As sondagens também mostram que o apetite dos portugueses por uma maioria absoluta pode estar a mudar. Nuno Aguiar sublinha que isso é mais um sinal de que “a estratégia de PCP e BE está a revelar-se errada”. “A última sondagem do Expresso mostra que a percentagem de portugueses favoráveis a uma maioria absoluta disparou face a 2019. Para eleitores do PS, ela chega a 61%”, refere. “O BE e PCP que parecem ver em António Costa um líder descartável do PS têm agora os próprios eleitores socialistas a defenderem uma maioria absoluta.”
Mafalda Anjos está pouco otimista em relação ao sucesso dessa estratégia do PS. O Parlamento está demasiado partido para dar mais de metade dos deputados aos socialistas. “Acho altamente improvável de ser conseguida a maioria absoluta que António Costa veio pedir.
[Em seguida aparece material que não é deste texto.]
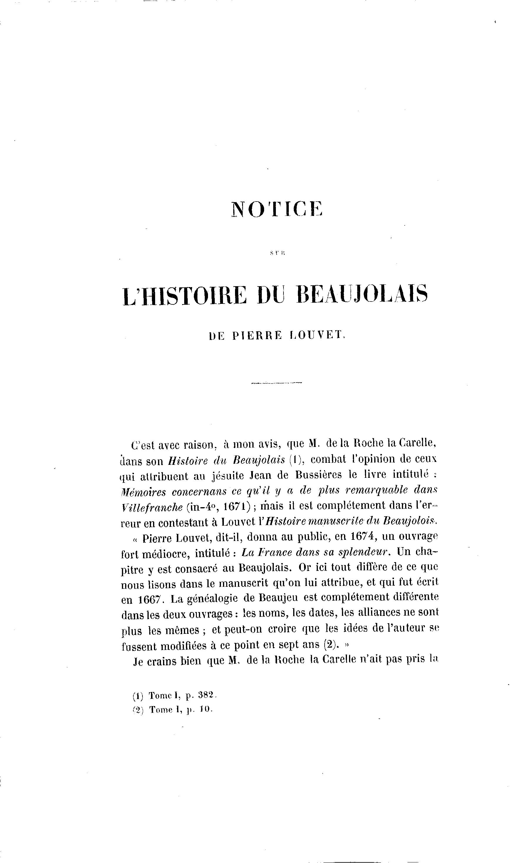 reur en contestant à Louvct Y Histoire manuscrite du Beaujolois.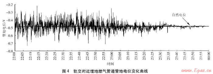 以管道未受干擾時(shí)的自然電位為基準(zhǔn),雜散電流流入?yún)^(qū),管地電位負(fù)向偏移,管道處于陰極區(qū)受到保護(hù);雜散電流流出區(qū),管地電位正向偏移,管道為陽(yáng)極區(qū)發(fā)生腐蝕,必須采取防護(hù)措施。對(duì)于動(dòng)態(tài)雜散電流干擾,管道陰極區(qū)和陽(yáng)極區(qū)分布是動(dòng)態(tài)變化的,管道某點(diǎn)可能處于雜散電流流入、流出交替變化中,為管道雜散電流腐蝕判定及防護(hù)帶來(lái)一定的困難。對(duì)上海市某軌道交通旁的埋地燃?xì)夤艿拦艿仉娢贿M(jìn)行實(shí)時(shí)監(jiān)測(cè),變化如圖4,測(cè)試過(guò)程中將犧牲陽(yáng)極斷開(kāi),以軌交停運(yùn)后管地電位平均值作為自然電位。在軌交運(yùn)行期間多列機(jī)車通過(guò)測(cè)試點(diǎn),管地電位相對(duì)自然電位正負(fù)交替變化,電位正向和負(fù)向偏移均比較明顯。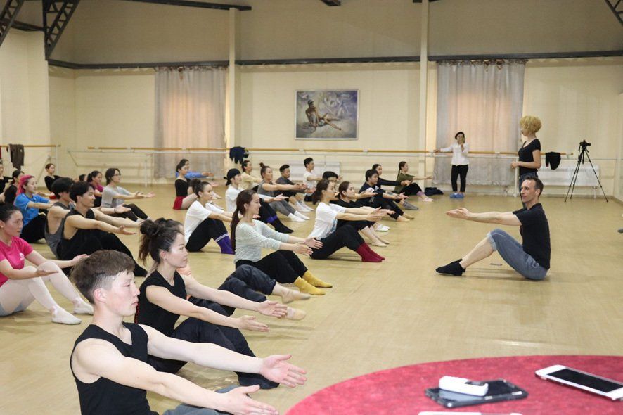 Zusätzlich führte der Choreograph eine Masterklasse durch, die den mongolischen Tänzer*innen zum Teil für sie unbekannte zeitgenössische tänzerische Herangehensweisen vorstellte.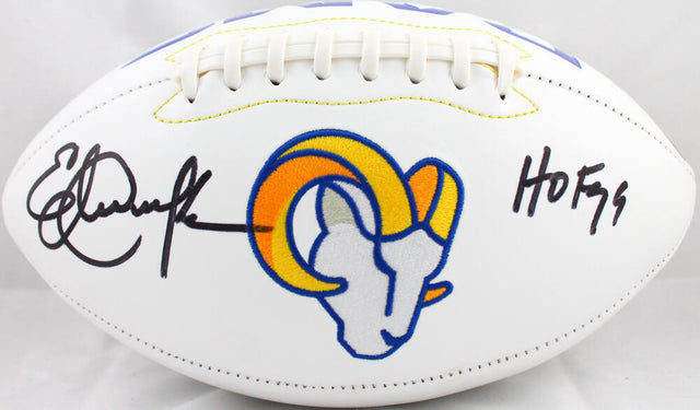Own a piece of football history with this Eric Dickerson autographed Los Angeles Rams Logo Football, inscribed with HOF 99 to commemorate his 1999 Hall of Fame induction. A must-have for Rams fans and serious collectors, this signed football celebrates the legendary career of one of the NFL's greatest running backs.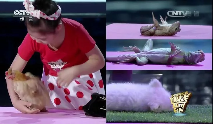 El talent show 'Al filo de lo imposible' del canal CCTV 1 muestra a una niña que a pesar de su corta edad logra con su voz y gestos hipnotizar a los animales para hacerlos reaccionar minutos después.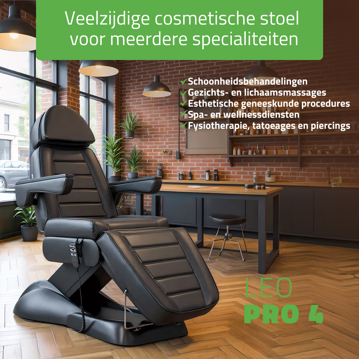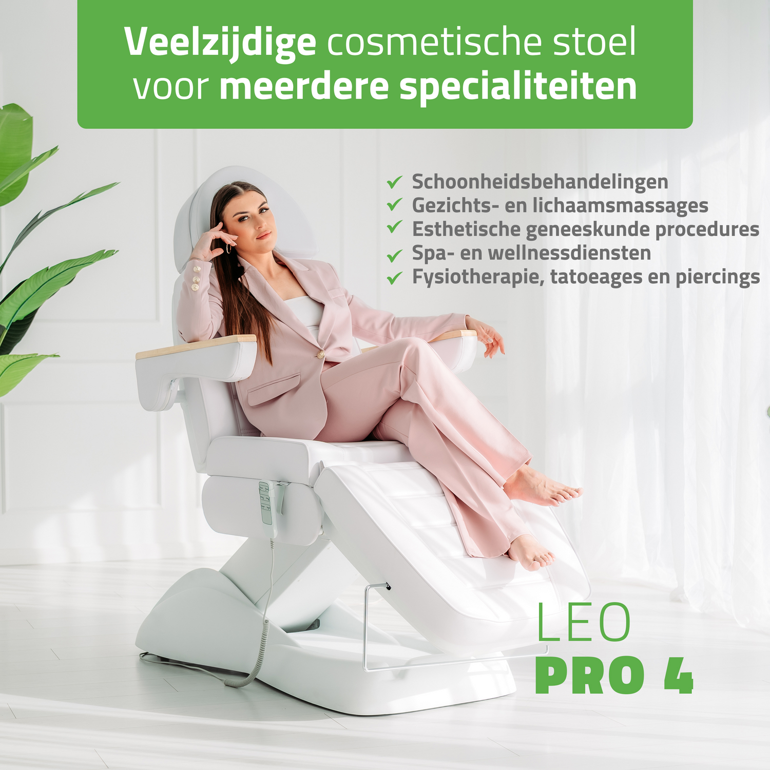 Leo PRO 4 is een betrouwbare elektrische cosmetische stoel die moderne functies combineert met elegant design – de ideale keuze voor professionals die gericht zijn op professionaliteit, comfort en kwaliteit.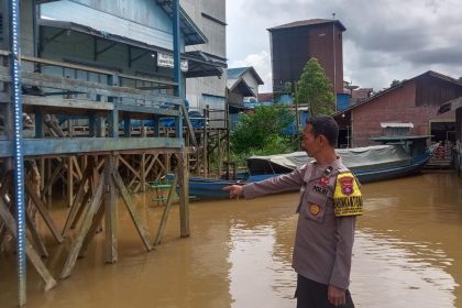Polres Lamandau – Personel Polsek Lamandau Melaksanakan Patroli dan Pantau Cek debit air Sungai Lamandau Antisipasi terjadinya Bencana banjir di Wilayah Kabupaten Lamandau Khususnya Kecamatan La...

As maiorias absolutas com a atual fragmentação política são hoje praticamente impossíveis. Sobretudo depois de seis anos de grande desgaste, e também porque o PSD está em clara ascensão nas sondagens.”
Para resolver este impasse, o ideal para o PS seria que outros parceiros menos exigentes se afirmassem eleitoralmente. Isso permitiria maior previsibilidade na altura de votar os orçamentos, sem ter de recorrer à direita. Uma espécie de cenário ideal para os socialistas. “O primeiro-ministro, se voltar a ganhar, vai fazer tudo para se manter no lugar. Sem maioria absoluta, deseja que o PAN (e o Livre) sejam suficientes para uma maioria parlamentar. Senão, vira-se para os parceiros de 2015, novamente. E, caso eles continuem tão intransigentes como na discussão do Orçamento, não terá dúvidas ao falar com o PSD”, prevê Filipe Luís.
Mafalda Anjos considera que António Costa se está a deixar prender num canto. “António Costa está a manter a estratégia de privilegiar a esquerda como parceiros prioritários. Mas parece-me um erro estratégico, devia deixar todas as hipóteses em de conversas à esquerda e à direita em aberto. Derrubou o muro de Berlim de um lado e construiu do outro, à direita. Agora devia derrubar o muro da direita mas não está a fazê-lo, hostilizando Rio Rio”, afirma a diretora da VISÃO.